Anne, I'm not arguing for changing the encoding spec so that U+FF01-U+FF5E is converted to 0x21 - 0x7E in windows-12xx (encoding-only mapping). I just added an observation that there are discrepancies other than found in the test result mentioned in comment 0 because that test suite only tested for decoding. I'm not sure about the security implication of encoding the full-width ASCII to the ASCII range, though. Anyway, perhaps Blink will get rid of that encoding-only mapping for U+FF01 - U+FF5E from windows-12xx. Then, Blink will be aligned with the spec.
Reassigning to Richard so he can make sure the test suite covers encoders as well.

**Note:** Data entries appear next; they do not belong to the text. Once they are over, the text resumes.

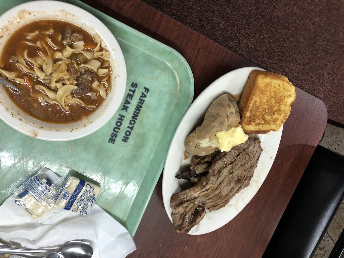 This place is a gem! Love the old decor everything from the model cars on display down to the trays that read Farmington Steak House. Love the older but clean look inside IDK how to explain it kinda it’s like a beautiful time capsule. Yes I occasionally enjoy a fancy $50 steak in a fancy restaurant, but this is very special in its own way. Please keep it the way it is and never remodel it for as long as possible. Tastes great especially for that price (paid roughly $22 for the meal shown). Friendly family owned and operated restaurant.
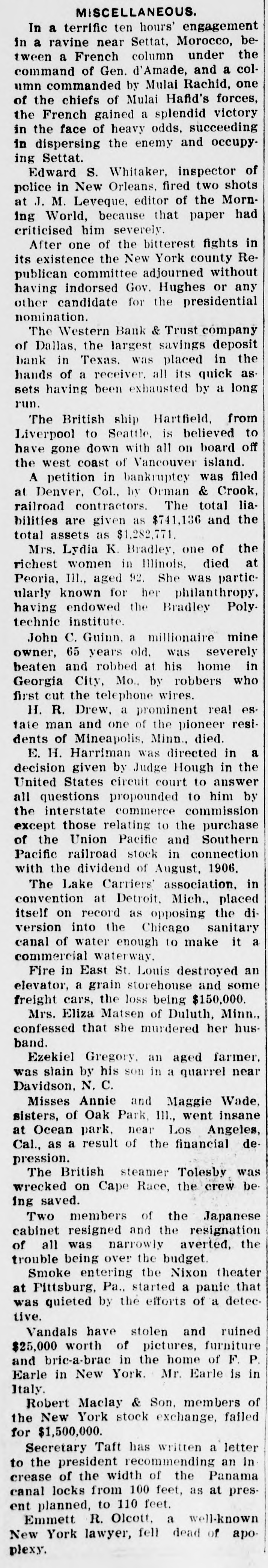 MISCELLANEOUS. In a terrific ten hours' engagement in a ravine near Settat, Morocco, between a French column under the command of Gen. d'Amade, and a column commanded by Mulai Rachid, one of the chiefs of Mulai Hafid's forces, the French gained a splendid victory in the face of heavy odds. succeeding in dispersing the enemy and occupying Settat. Edward S. Whitaker, inspector of police in New Orleans, fired two shots at J. M. Leveque, editor of the Morning World, because that paper had criticised him severely. After one of the bitterest fights in its existence the New York county Republican committee adjourned without having indorsed Gov. Hughes or any other candidate for the presidential nomination. The Western Bank & Trust company of Dallas, the largest savings deposit bank in Texas. was placed in the hands of a receiver. all its quick assets having been exhausted by a long run. The British ship Hartfield, from Liverpool to Seattle. is believed to have gone down with all on board off the west coast of Vancouver island. A petition in bankruptey was filed at Denver, Col., by Orman & Crook, railroad contractors. The total liabilities are given as $741,136 and the total assets as $1,282,771. Mrs. Lydia K. Bradley, one of the richest women in Illinois, died at Peoria, III., aged 92. She was particularly known for her philanthropy. having endowed the Bradley Polytechnic institute. John C. Guinn. a millionaire mine owner, 65 years old. was severely beaten and robbed at his home in Georgia City, Mo., by robbers who first cut the telephone wires. H. R. Drew, a prominent real estate man and one of the pioneer residents of Mineapolis, Minn., died. E. H. Harriman was directed in a decision given by Judge Hough in the United States circuit court to answer all questions propounded to him by the interstate commerce commission except those relating to the purchase of the Union Pacific and Southern Pacific railroad stock in connection with the dividend of August, 1906. The Lake Carriers' association, in convention at Detroit, Mich., placed itself on record as opposing the diversion into the Chicago sanitary canal of water enough to make it a commercial waterway. Fire in East St. Louis destroyed an elevator, a grain storehouse and some freight cars, the loss being $150,000. Mrs. Eliza Matsen of Duluth, Minn., confessed that she murdered her husband. Ezekiel Gregory. an aged farmer. was slain by his son in a quarrel near Davidson, N. C. Misses Annie and Maggie Wade, sisters, of Oak Park, III., went insane at Ocean park, near Los Angeles, Cal., as a result of the financial de. pression. The British steamer Tolesby was wrecked on Cape Race, the crew be. ing saved. Two members of the Japanese cabinet resigned and the resignation of all was narrowly averted, the trouble being over the budget. Smoke entering the Nixon theater at Pittsburg, Pa., started a panic that was quieted by the efforts of a detective. Vandals have stolen and ruined $25,000 worth of pictures, furniture and bric-a-brac in the home of F. P. Earle in New York. Mr. Earle is in Italy. Robert Maclay & Son, members of the New York stock exchange, failed for $1,500,000. Secretary Taft has written a letter to the president recommending an in crease of the width of the Panama canal locks from 100 feet, as at present planned, to 110 feet. Emmett R. Olcott, a well-known
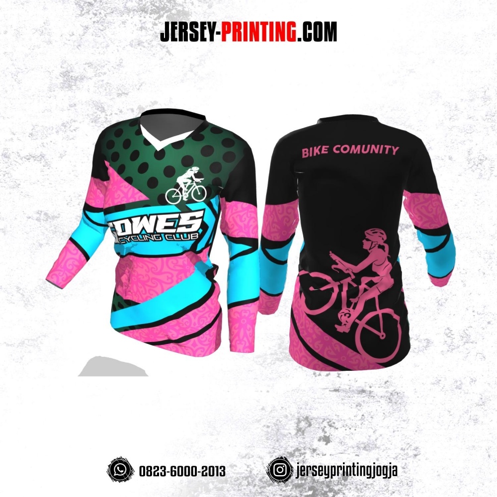 Jersey Cewek Gowes Sepeda Pink Hitam Biru Hijau Motif Batik Lengan Panjang
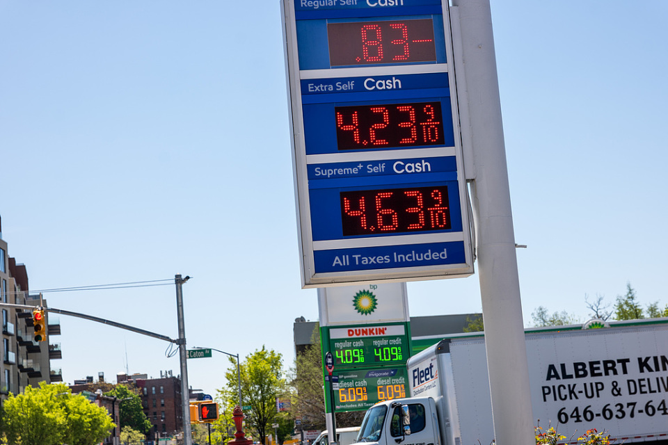 21日,美国纽约布鲁克林一加油站显示油价仍处于高位。(视觉中国)
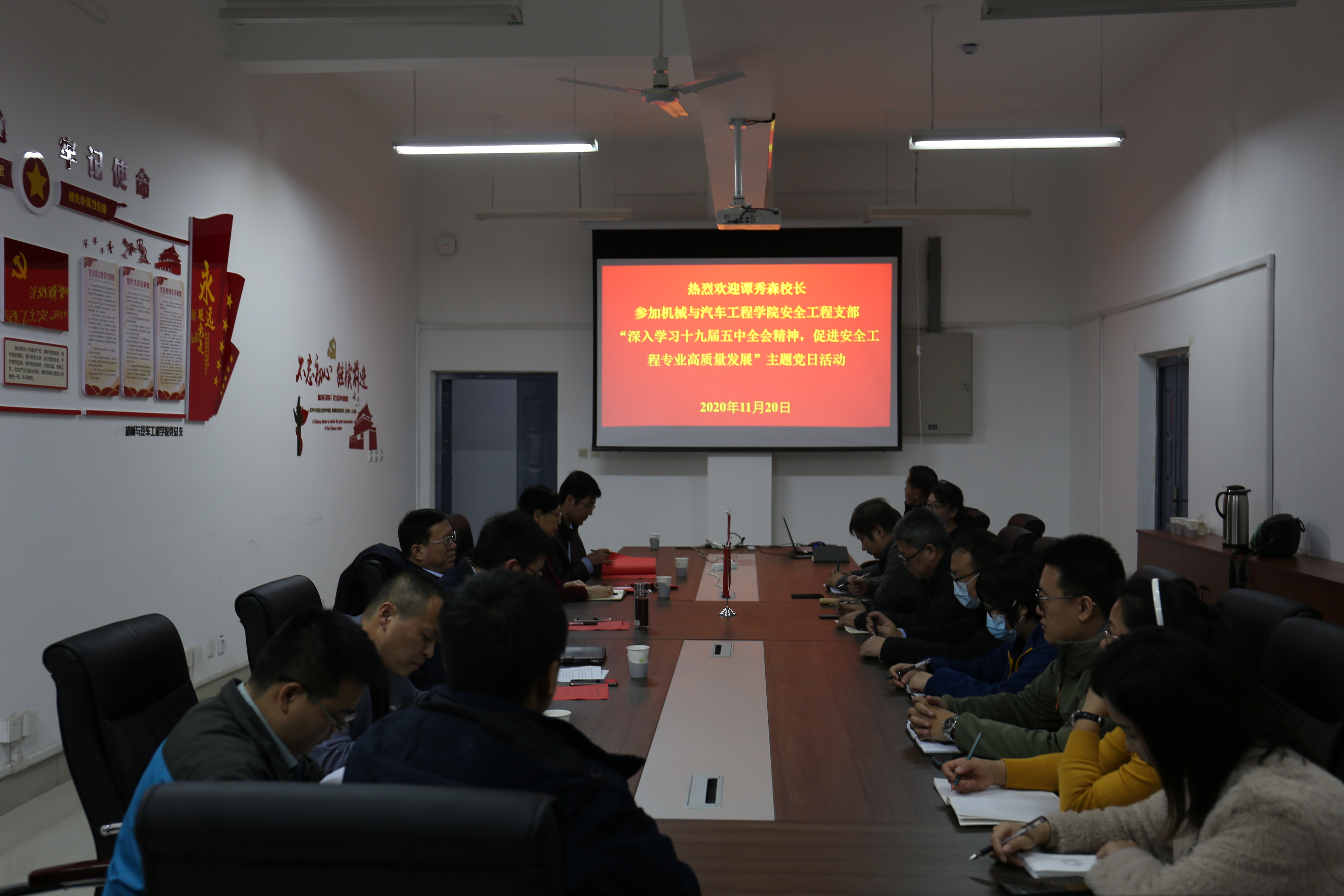 为深入学习宣传贯彻党的十九届五中全会精神,11月20日下午,董事长谭秀森专程到太阳成集团tyc234cc参加所联系的安全工程党支部举办的“深入学习十九届五中全会精神,促进安全工程专业高质量发展”主题党日活动。董事长办公室主任王雄、公司党总支书记岳丽宏、党总支副书记林海涛及安全工程党支部全体党员参加活动。会议由党支部书记刘杰主持。
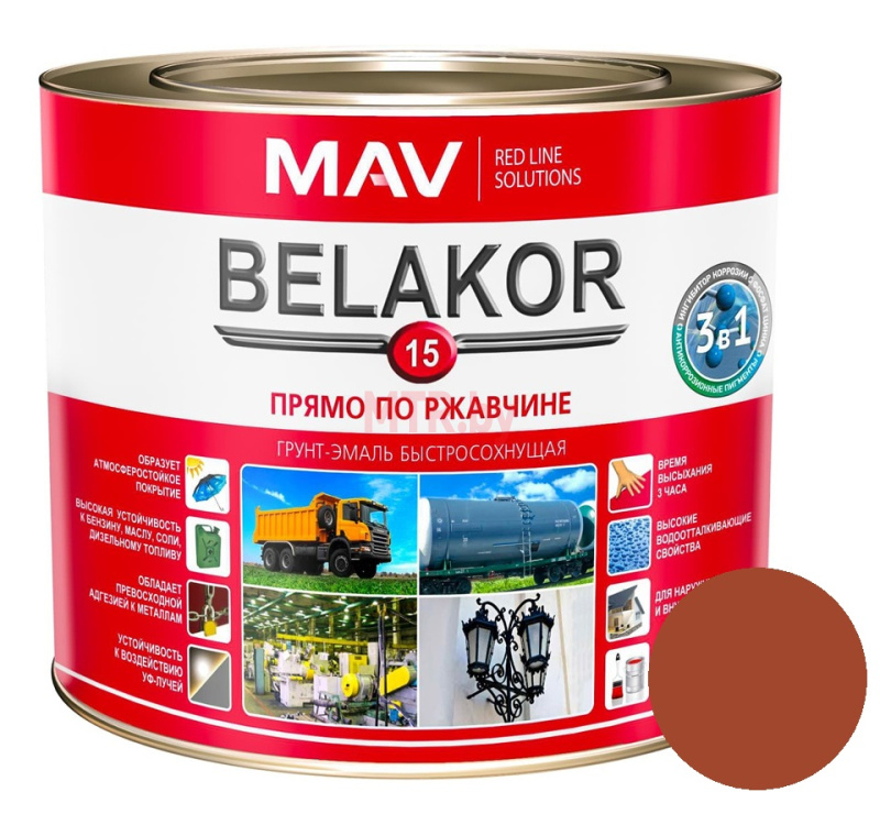 Грунт-эмаль по ржавчине Belakor 15 3 в 1 красно-коричневая матовая 1,0 л

FYI, the chromium bug was filed to get rid of the encoding-only mapping (of U+FF01 - U+FF5E to 0x21 to 0x7E) as well as the discrepancy in windows-874 and windows-1253; http://crbug.com/412053
Richard, any progress on this? https://github.com/w3c/web-platform-tests/pull/1367 demonstrates how you can test an encoder from JavaScript. It shouldn't be that hard to extrapolate something for more extensive testing, although it's a bit cumbersome since the quirks of URL parsing have an impact as well.
I submitted single-byte decoder tests to web-platform-tests: https://github.com/w3c/web-platform-tests/pull/1384 Apart from the document.characterSet API, Chrome and Firefox pass all tests. For the document.characterSet API there are some casing differences. I'm hoping we can make it consistent with TextEncoder.prototype.encoding, but if not I'm happy to get a new bug report. I have not yet written encoder tests. (The interaction with either <form> or URL makes those trickier.) Given that comment 0 seems addressed I'm going to close this.